This informal CPD article Combatting disruption in the automotive industry – taking an intelligent approach was provided by Cambashi, a leading global industry analyst & consulting firm. It will aim to provide an overview of how industry intelligence can help companies keep on top of the key trends in the automotive industry.
Combatting disruption in the automotive industry
Change is happening fast in the automotive industry. According to McKinsey, digitization, increasing automation, and new business models have revolutionized other industries, and automotive will be no exception. These forces are giving rise to four disruptive technology-driven trends in the automotive sector: diverse mobility, autonomous driving, electrification, and connectivity.
Most industry experts agree that the four trends will reinforce and accelerate one another, and that the automotive industry is ripe for game-changing disruption. Given the widespread understanding that this disruption is already on the horizon, there is still no integrated perspective on how the industry will look in 10 to 15 years as a result of these trends.
Disruption has certainly led us to this point. For two consecutive years in 2018 and 2019, it was affected by shrinking economies, increased competition and reductions in global demand for vehicles. All of these factors we magnified by the COVID-19 pandemic in the first half of 2020, which had an immediate and severe impact on this globally integrated industry. We’ve seen many immediate outcomes, including disruption in the exports of Chinese parts, large scale manufacturing interruptions across Europe, and even the closure of some vehicle assembly plants in the United States.
In addition, sustainability issues, driven by the “green agenda”, have led to the transition from cars with internal combustion engines (ICEs) to Electric Vehicles (EVs). This evolution alone is causing massive upheaval throughout the automotive industry, with impacts on supply chain, production, sales operations and regulation. With these massive changes happening, it’s no surprise that people involved in business communications within the automotive industry, from CEOs to sales and marketing managers, are finding it hard to keep up with key trends and challenges impacting the sector.

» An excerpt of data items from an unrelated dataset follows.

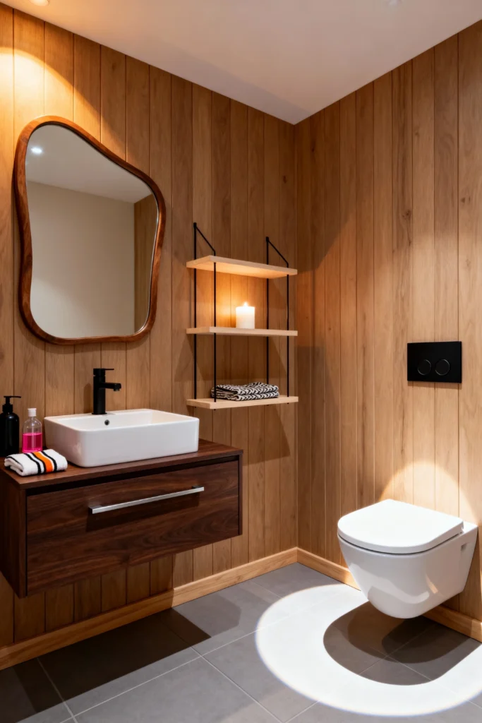 Wrap your walls in vertical, light-toned wood panels to bring a cozy, cabin-like warmth indoors. Hang an asymmetrical, organic-shaped mirror to break up the straight lines and add a playful touch. Mount a rich, dark walnut floating vanity to contrast beautifully with the lighter wood walls. Install simple black metal and wood wall shelves to hold fresh towels and a glowing candle. Use soft, directional lighting to highlight the textures and create a truly inviting, relaxing retreat.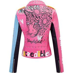 Novelty: Perfect combination of studded rivet and color printing, the trendy clothes for women show a sense of fashion. With classic style, unique design, full of charming temperament, this Moto jacket can show your personality well.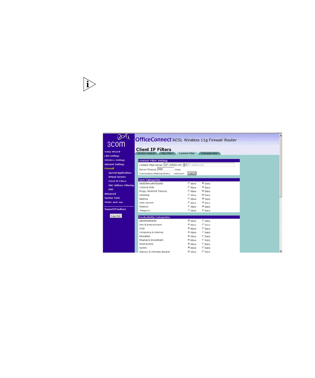 The Router comes with a 14-day free trial of the 3Com Content Filter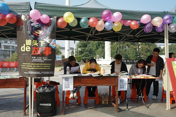 本网讯(见习记者 任志斌 通讯员 陶俊/文 张雨鹏/图)记者辛,记者行,记者心,记者形。为庆祝第十八个记者节,丰富学生校园文化生活,11月8日,由bat365官网院报主办的“传播记者声音·传递校媒力量”记者节系列活动在大学生广场拉开序幕。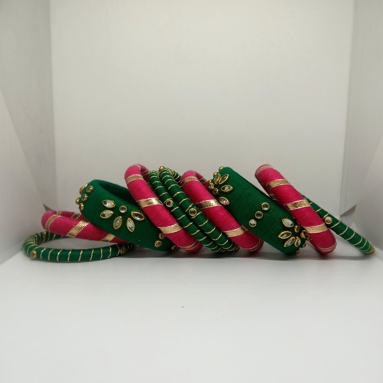 Mohini[Pink and green Handcrafted Bangles] | NDFASHION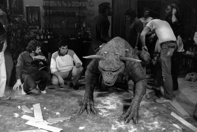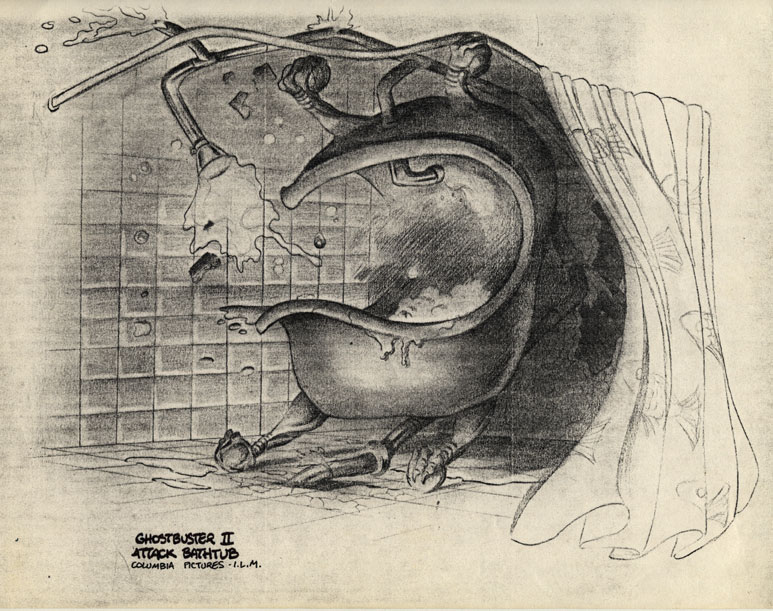 La bañera se convertiría en un monstruo con docenas de ojos en forma de pompas de jabón. Dana se asustaría y lanzaría un secador de pelo al monstruo-bañera, cuya electricidad dispersaría los ojos-pompa. En la escena final, salen los mocos del grifo y atacan a Dana como una masa rosa, haciéndola huir. La bañera estaba hecha de silicona blanca para que pareciera porcelana, pero se pudiera doblar. Y la criatura, de gel dieléctrico (el mismo que se usa en implantes mamarios) reforzado con spandex. De esta manera, el moco se podía manejar como si fuera una marioneta y combar hacia dentro como una boca gigante, haciendo huir a Dana y Óscar al apartamento de Peter.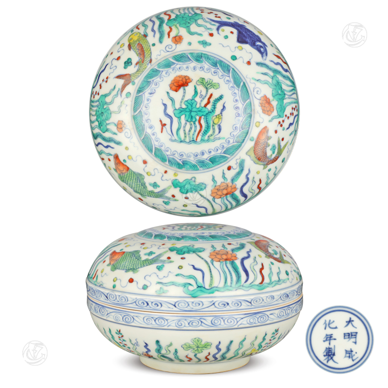• 大明成化年制款斗彩鱼藻纹捧盒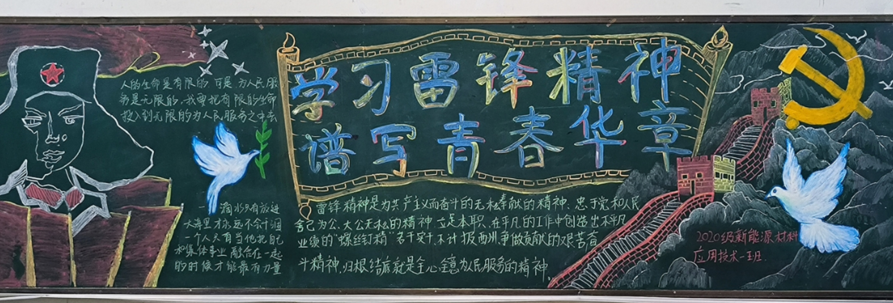 产业学院还在全院范围内开展了“传承雷锋精神”黑板报评比、“学雷锋”海报宣传等系列活动,旨在通过主题活动、学习分享、志愿服务等形式,传承和弘扬雷锋精神,培养学生的劳动习惯和实践能力,努力促进“学雷锋”志愿服务活动常态化,进一步推动校园文明建设。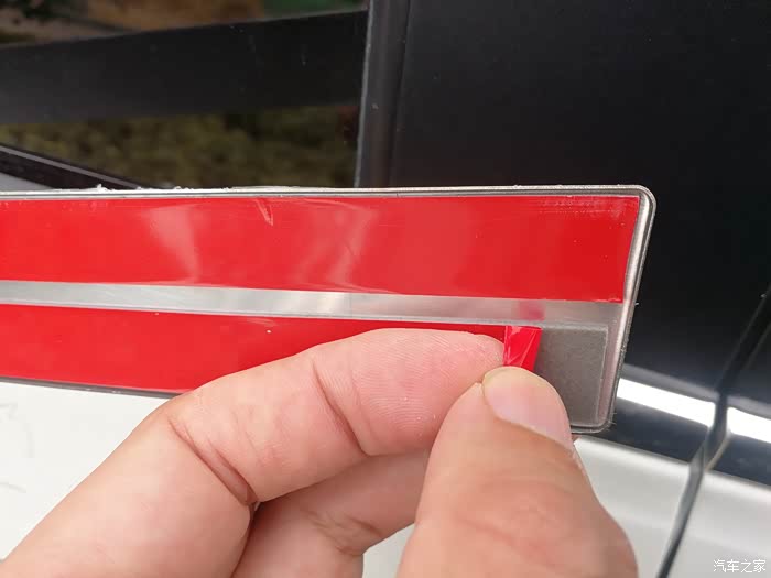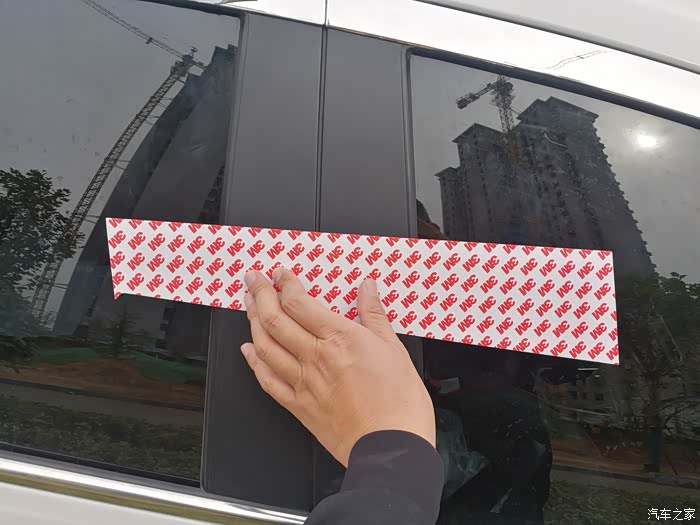 揭开后面的3M纸,纳米中柱真纳米,有点太薄了。(推荐车友选不锈钢车窗中柱亮条)

For that reason, it has become even more critical to stay ahead of the curve and remain competitive. That’s why tactical industry intelligence, updated by industry experts, linked to the latest trends in the industry, is absolutely fundamental to the future success of the industry.
Impact on the global supply chain
So, what is going on in the global automotive supply chain? Many manufacturers outsource work to each other as they contribute towards the creation of a final product, i.e. a completed vehicle. As OEMs (Original Equipment Manufacturers) seek economies of scale and lower risk, the drive toward vertical integration has spawned a substantial amount of merger and acquisition (M&A) activity, as well as partnerships at all levels in the sector.
Global supply systems have yet to recover fully from the impact of the global pandemic. Transportation, notably shipping, is one essential aspect of the supply chain that still appears to be underperforming. In the United States, for example, outside of the neighbouring ports of Los Angeles and Long Beach – which accept most of the US imports from Asia – as many as 65 vessels were recorded as waiting for their cargo for nearly nine days.
As a result of these delays, the average travel time from China to the United States has increased by 75% to 71 days and the cost has climbed sharply to nearly $20,000 per container. This is certainly a concern for automakers, who have become increasingly reliant on just-in-time production models.
High demand for batteries
Raw material prices are compounding supply side issues within the industry. For example, the demand for lithium – a key mineral in the production of the batteries required for EVs – is outstripping supply, causing prices to skyrocket. In 2020, worldwide battery production capacity was estimated to be approximately 630 GWh, with China accounting for nearly 75% of that. In late March, lithium carbonate prices in China were at 497,500 yuan/tonne, representing an 80 percent increase so far in 2022.
Since batteries account for at least 30% of the entire cost of an electric vehicle, decreasing battery prices are critical to making EVs more affordable. Contracts for lithium in China are very short-term and volatile, so automakers must collaborate internally - the COO, the VP Supply Chain, the Inventory Manager and the Purchasing Manager need to ensure they have enough inventory to meet demand.
Expansion of charging capacity
As the supply of EVs grows, so too will the demand for charging stations. Currently, just over 4.5 million people living in the top 50 US cities – that’s just under 10% – live within a five-minute walk of a public EV charger. Even with the relatively low rates of EV ownership today, that is estimated to be 30,000 to 90,000 fewer chargers than is currently needed. (Mobilyze.ai; Toyota Mobility Foundation, 2021)
If all goes according to President Biden’s plan, the US will have 500,000 public electric vehicle charging stations by 2030, up from about 43,000 today. And millions more home charging ports are expected to be installed across the country as the vast majority of EV drivers charge up at home.
Given that anxiety around the distance a vehicle can travel once charged range – something that is often cited as one of the major concerns from consumers regarding electric vehicles – the current lack of charging capacity represents a significant challenge for sales and marketing VPs at automakers.